Occupancy is minimal
CONTRARY TO RUMORS, the Landmark Inn is not shutting down.
“It’s not been easy but we’re doing our best to keep the lights on,” says Ben Graves, the CEO of Graves Hospitality which owns the Landmark. “We have no plans to close. Frankly, we looked at shutting it down but it just didn’t make sense. There was no real benefit to it because we wouldn’t be saving any money.”
Just a skeleton staff is working now that the restaurants and the Pub have been closed down.
“Fifty percent of our revenue comes from food and beverage,” adds Matt Mering, one of the other owners. “Now that’s all gone.”
And no surprise, occupancy at the hotel has plummeted to….like, a few rooms a night. Less than 10% occupancy. Nobody’s traveling, nobody’s visiting.
As for the staff, Graves and Mering insist they have not been “laid-off”; they’ve been furloughed, meaning they will get their jobs back when the crisis passes–whenever that is. And those with health insurance will keep it through their furloughs.

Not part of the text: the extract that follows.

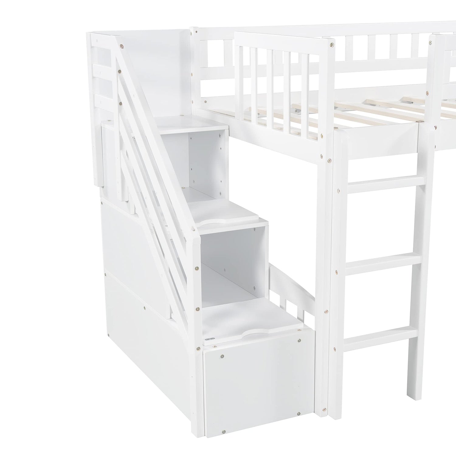 Twin Loft Bed with Slide and Stairs, Wooden Low Loft Bed Frame with Storage for Kids Girls Boys - White
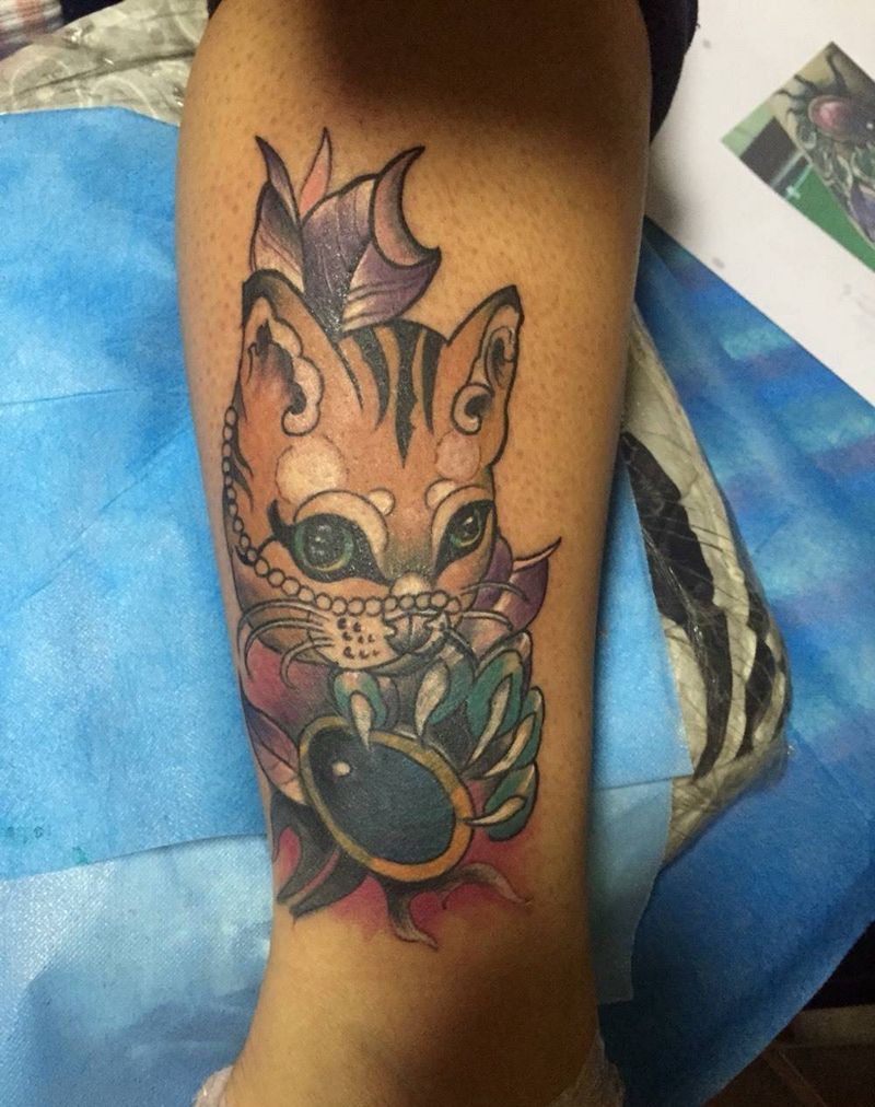 • T网红王老大花腿龙纹身图片_腿部新传统纹身图案

Nationwide, major hotels are closing down, left and right. So far, the Landmark is trying to defy that trend.
A good season cut short
MARQUETTE MOUNTAIN, ON the other hand, has shut down for the season.
Too bad, because this season, unlike some in the recent past, had been going well, and was flush with optimism provided by new ownership.
Marquette Mountain posting: “During these times, it is imperative that we follow the policies, orders and recommendations in order to keep our community safe and do our part to minimize travel and flatten the curve…”
Officials say they’ll use this extra time to get ready for next season.
RATI looking for a temporary shelter
NO SURPRISE THAT the COVID-19 outbreak has created problems for Room at the Inn and the Warming Center–the facilities that take care of the homeless.
First off, the homeless can no longer dine at the Warming Center. It’s essentially being treated as a restaurant during the state shutdown.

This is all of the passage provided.